WORK INSTRUCTION - Ignoring every picture, return the lines of the listing below word for word, from the line that holds "Bijuterii argint,: Cercei" through the line that holds "Die Entwicklung guter".

———

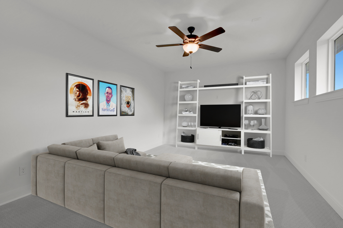 Upstairs, a game room and dedicated media room provide flexible options for entertainment and leisure. The Owner's Retreat features vaulted ceilings along with a spa inspired bath that includes a garden tub and separate shower.
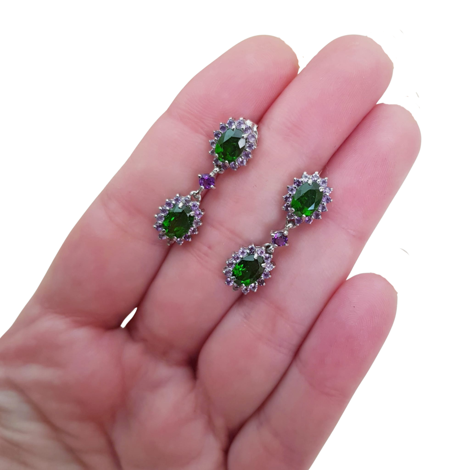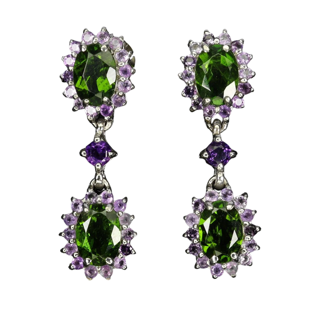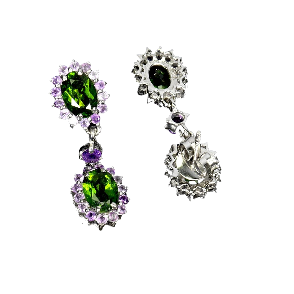 Bijuterii argint,: Cercei argint, 925, aurit cu aur alb de 14k, cu pietre naturale: crom-diopsid si ametist.
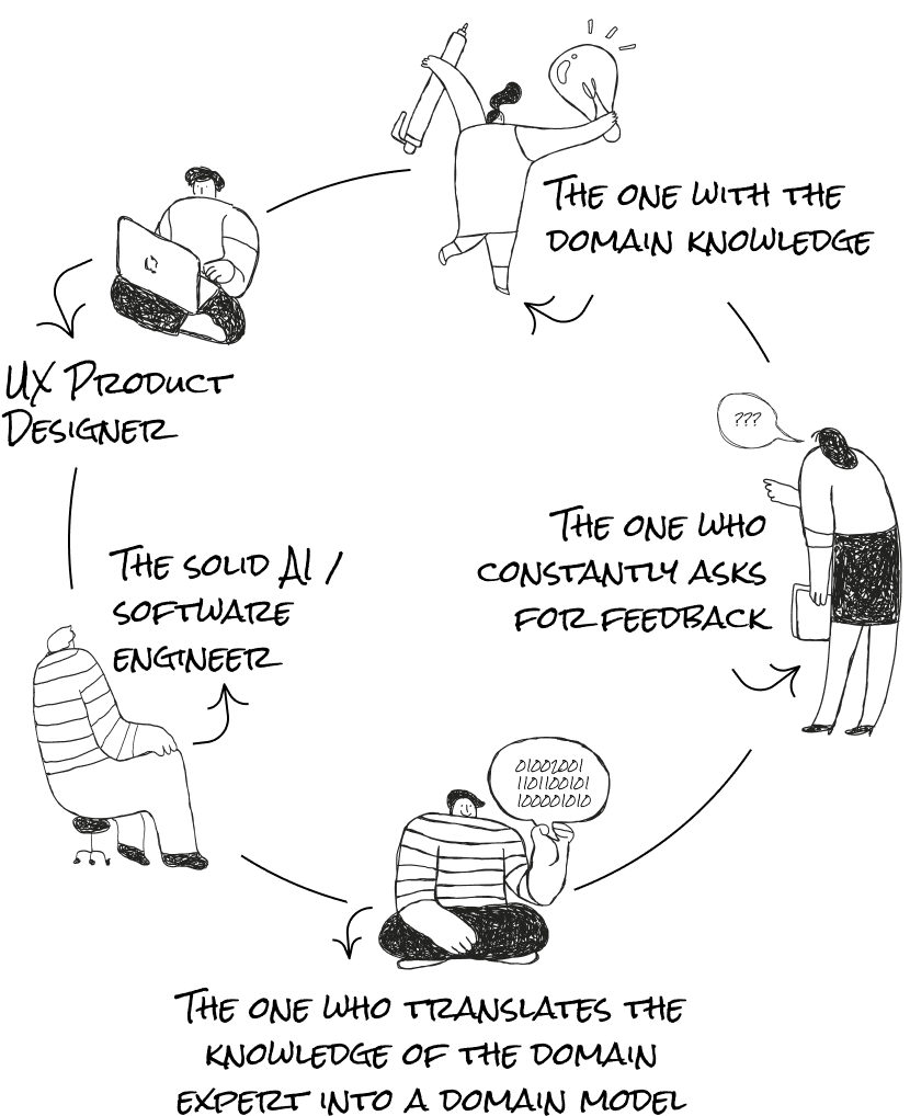 Die Entwicklung guter KI-Assistenten für Unternehmen setzt ein Team voraus, in dem unterschiedliche Fachkräfte effektiv zusammenarbeiten. Es bedarf nicht nur Techniker:innen, sondern ebenso Fachexpert:innen, Kommunikator:innen, Designer:innen und Strateg:innen.
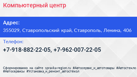 Компьютерный центр по адресу 355029, Ставропольский край, Ставрополь, Ленина, 406 в дальнейшем Организация, размещена в следующих категориях:
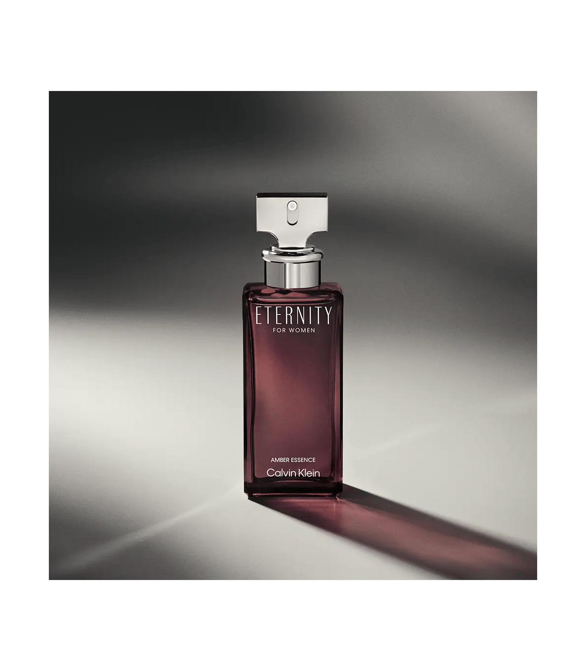 Le flacon de ETERNITY AMBER ESSENCE est une réinterprétation des lignes emblématiques de la collection ETERNITY. Il se présente dans un bordeaux profond, agrémenté de finitions argentées métalliques, reflétant l'élégance et le luxe de la fragrance.
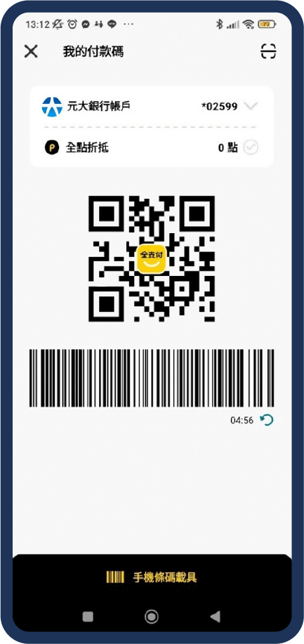 付款方式選擇已授權的「元大銀行帳戶」,並出示條碼或QR Code提供店家掃描。
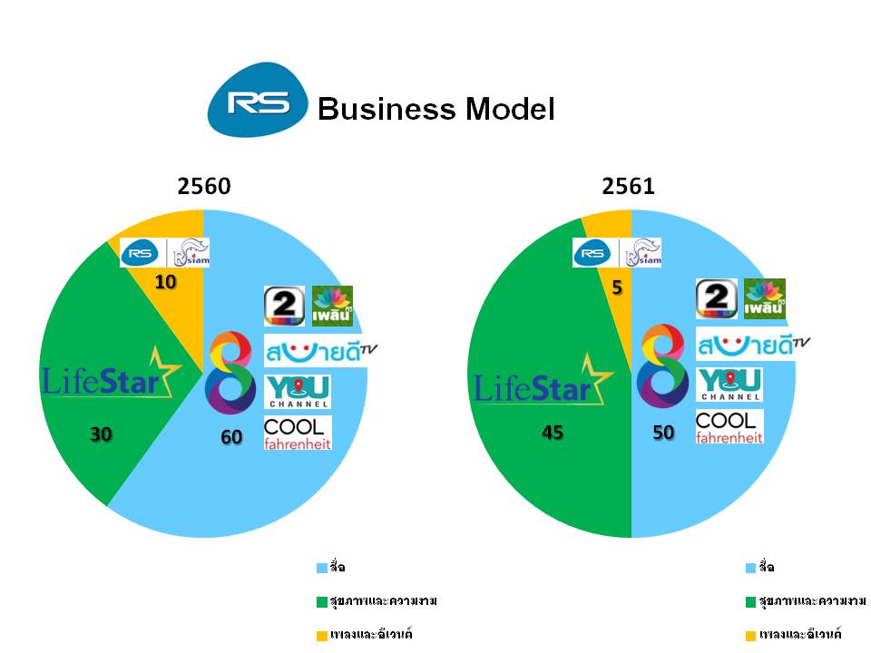 โดยคาดการณ์ว่า การเติบโตอย่างก้าวกระโดดต่อเนื่องของธุรกิจสุขภาพและความงาม จะทำให้สัดส่วนรายได้ขึ้นมาใกล้เคียงกับธุรกิจสื่อภายในปี 2561 กลายเป็นธุรกิจหลักของกลุ่มอาร์เอสอย่างสมบูรณ์แบบ ซึ่งขณะนี้เร่งวางแผนต่อยอดขยายธุรกิจสุขภาพและความงามเพื่อรองรับการเติบโตในทุกมิติ ทั้งการให้ความสำคัญกับ (product development ) หน่วยพัฒนาสินค้าใหม่ๆ เพื่อคัดเลือกสินค้าคุณภาพใหม่เพื่อตอบโจทย์ให้ตรงใจผู้บริโภค ตลอดจนเสริมศักยภาพของการใช้สื่อเพื่อสื่อสารถึงถลุ่มบูกค้าให้เกิดประสิทธิภาพยิ่งขึ้น และพัฒนาช่องการจำหน่าย Telesale ให้มีจำนวนและศักยภาพสอดคล้องกับการเติบโตของฐานลูกค้า รวมไปถึงขยายช่องทางใหม่ๆ อย่างโมเดิร์นเทรด โดยเฉพาะช่องทางออนไลน์ ซึ่งกำลังเป็นช่องทางที่รายได้เติบโตอย่างโดดเด่น ขณะเดียวกันกำลังหาพาร์ทเนอร์ขยายโอกาสทางธุรกิจไปกลุ่มประเทศ CLMV โดยกำลังเจรจากับพันธมิตรท้องถิ่นที่ประเทศเมียนมาร์ เพื่อร่วมขยายตลาดด้วยกัน คาดว่าจะชัดเจนภายในสิ้นปีนี้และเห็นการดำเนินงานในปี 2561

———

RESPONSE TO THIS EXERCISE -
 Bijuterii argint,: Cercei argint, 925, aurit cu aur alb de 14k, cu pietre naturale: crom-diopsid si ametist.
 Die Entwicklung guter KI-Assistenten für Unternehmen setzt ein Team voraus, in dem unterschiedliche Fachkräfte effektiv zusammenarbeiten. Es bedarf nicht nur Techniker:innen, sondern ebenso Fachexpert:innen, Kommunikator:innen, Designer:innen und Strateg:innen.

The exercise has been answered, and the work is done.